A goal for plant breeders is to identify specific regions of the
genome influencing the traits that they measure or observe for the
populations that they grow. Quantitative Trait Loci (QTL) mapping is an
appraoch to accomplish this goals. QTL are intervals across the genome
which are linked to DNA markers, typically single nucleotide
polymorphisms (SNPs) for our G2F dataset. The statistical procedures to
conduct QTL mapping are beyond the scope of this lesson, but there are
several open-source software that handle this process. We will be using
the qtl2 package to conduct the QTL analysis.
Plant breeders manipulate the genetic makeup of plants by making controlled crosses to achieve specific combinations of genotypes for their breeding purpose. Some motives for making controlled crosses include: creating genetic variation (increases genetic diversity), creating hybrids (take advantage of heterosis), introgressing genes (transfer favorable genes from donor parent).
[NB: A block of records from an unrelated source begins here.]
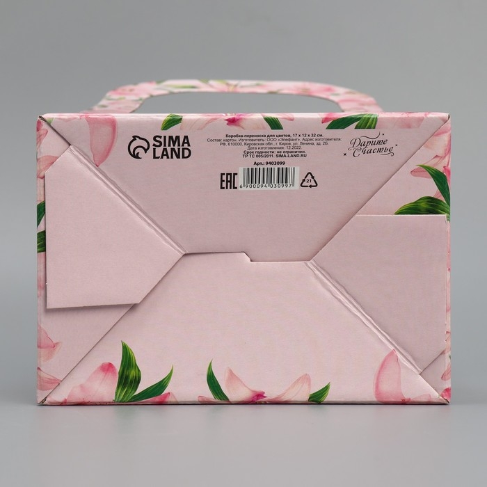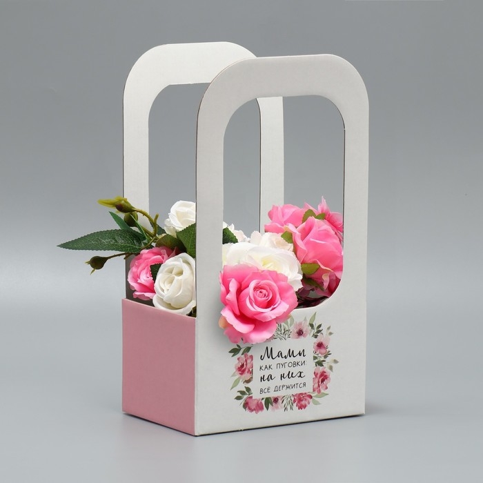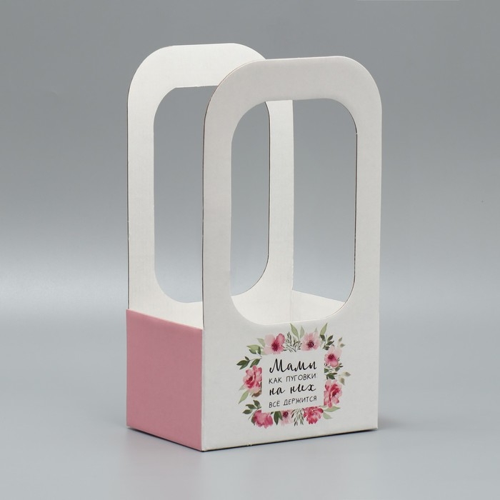Коробка-переноска для цветов «Мамы, как пуговки», 17 × 12 × 32 см
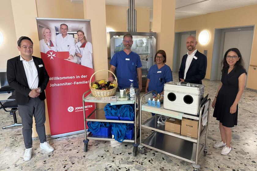 Die korrekte Desinfektion der Hände gehört im Ev. Lukas-Krankenhaus Gronau zur selbstverständlichen Routine und sitzt sowohl bei Pflegekräften, Ärzten als auch bei Therapeuten. Die eigene Handhabung regelmäßig zu überprüfen, ist dennoch sinnvoll und wichtig. Deshalb lud die Krankenhaushygiene am heutigen Dienstag, 12. August, die Mitarbeitenden dazu ein, ihre frisch desinfizierten Hände zur Überprüfung der eigenen Technik in die Blackbox zu halten. Das Schwarzlicht deckte Stellen auf, die eventuell zu wenig oder gar kein Desinfektionsmittel abbekommen hatten. Das Fazit, das Kristin Niemeier, Hygienefachkraft in Weiterbildung, und ihr Kollege Frederik Schwar, Hygienefachkraft der Johanniterkliniken Hamm, zogen: „Die Kolleginnen und Kollegen machen das super. Wir hatten kaum etwas zu beanstanden.“
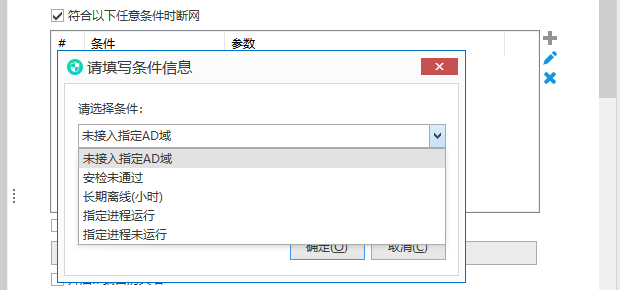 终端防火墙功能可根据多种安全条件自动触发断网机制。例如:终端未接入指定AD域、安全检查未通过、设备长期离线(可设定小时数)、指定进程未运行,或指定进程运行(如远程控制软件),系统将自动切断网络。
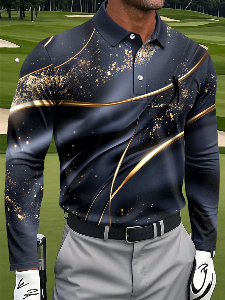 Męska koszulka polo z długim rękawem w stylu retro w abstrakcyjne paski z teksturowanym nadrukiem
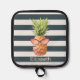 Cool Tropical Pineapple Navy Blue Stripes Pot Holder
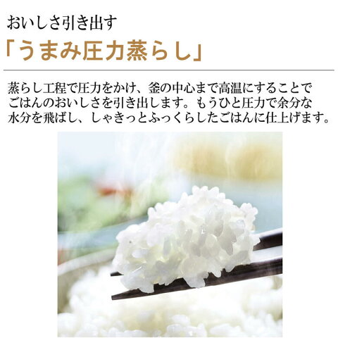 ■おいしさ引き出す「うまみ圧力蒸らし」 蒸らし工程で圧力をかけ、釜の中心まで高温にすることでごはんのおいしさを引き出します。

Some common crosses and their uses are listed below:
kable(cross_types, align = "l", caption = "Plant Breeding Cross Types")
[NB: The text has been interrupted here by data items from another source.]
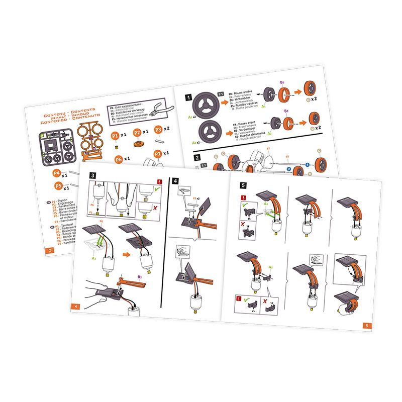 Assemble les pièces en métal de la voiture et fais-la avancer grâce à l'énergie du soleil. Inclus une notice illustrée en couleurs avec l'assemblage pas à pas et un quiz.
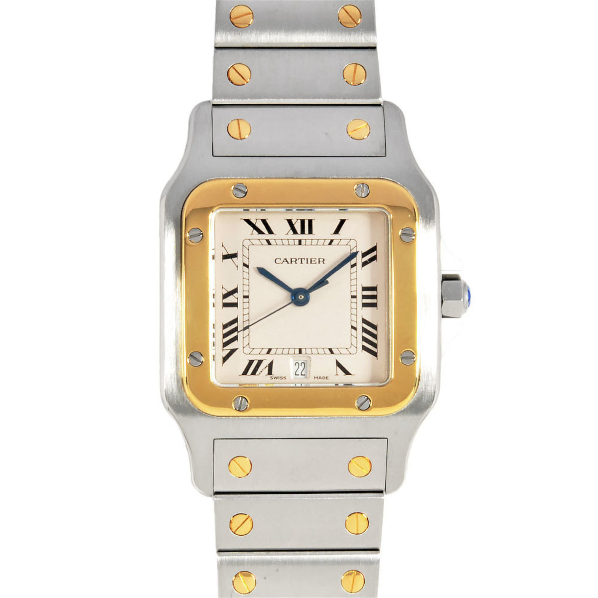 Pre-Owned Cartier Santos Galbe LM Watch Quartz Silver Dial YG SS Combination Men's
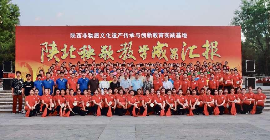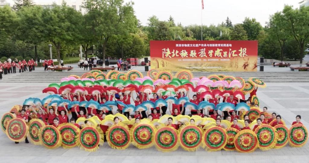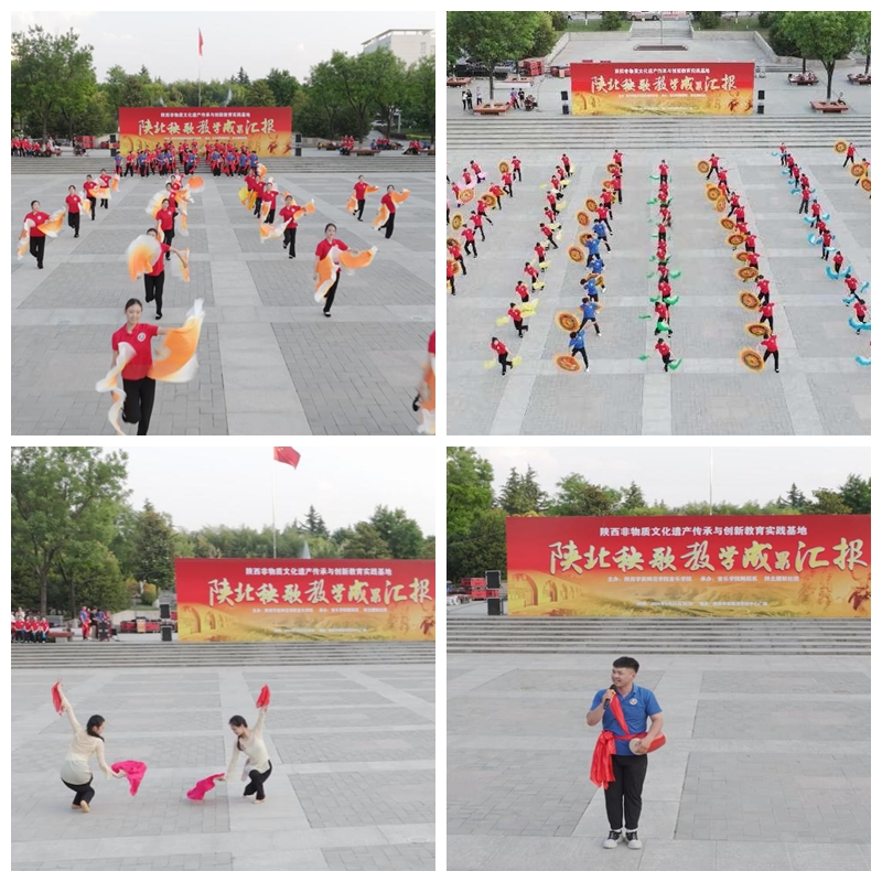 为发挥荣耀(中国)陕北腰鼓非物质文化遗产传承教育实践基地的示范引领作用,在纪念毛泽东《在延安文艺座谈会上的讲话》发表82周年之际,5月21日下午音乐学院在学校中心广场举办陕北秧歌教学成果汇报演出,致敬民间艺术、致敬非遗文化。
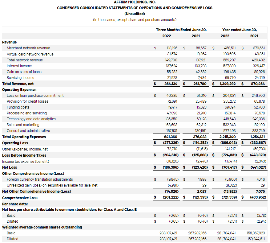 어펌(AFRM) 2022 Q4 실적발표 씸플어닝입니다.

| Cross.Type | Motive | Description | Genetic.Uses |
|---|---|---|---|
| Selfing | Homozygosity, trait fixation | Within same plant | Pure lines, genetic mapping |
| Backcross | Gene introgression | F1 x recurrent parent | Gene transfer, pyramiding |
| Single Cross | Combine parental traits | Inbred line x inbred line | Hybrid vigor, combining ability |
| Double Cross | Expand genetic base | Single cross x single cross | Hybrid production |
| Three-way Cross | Add third parent’s traits | Single cross x inbred line | Hybrid production |
| Poly Cross | Population improvement | Random crosses among parents | Combining ability, perennial breeding |
| Top/Test Cross | Parental evaluation | Inbred x tester | Combining ability assessment |
| Interspecific/Intergeneric | Gene transfer | Across species/genera | Novel traits, genetic studies |
| Bulk Cross | Diversity + selection | Bulk crossing multiple parents | Population genetics, adaptation |
The 2020-2021 G2F dataset uses a 6-way doubled haploid cross. This cross starts with 6 parents (A, B, C, D, E, F) which are initially crossed to form 2-way crosses (AxB, CxD, ExF). An intermediate cross follows to form 4-way crosses ((AxB)x(CxD),(ExF)). The final cross is the 6-way cross (((AxB)x(CxD))x(ExF)) to form the doubled haploid F1 generation.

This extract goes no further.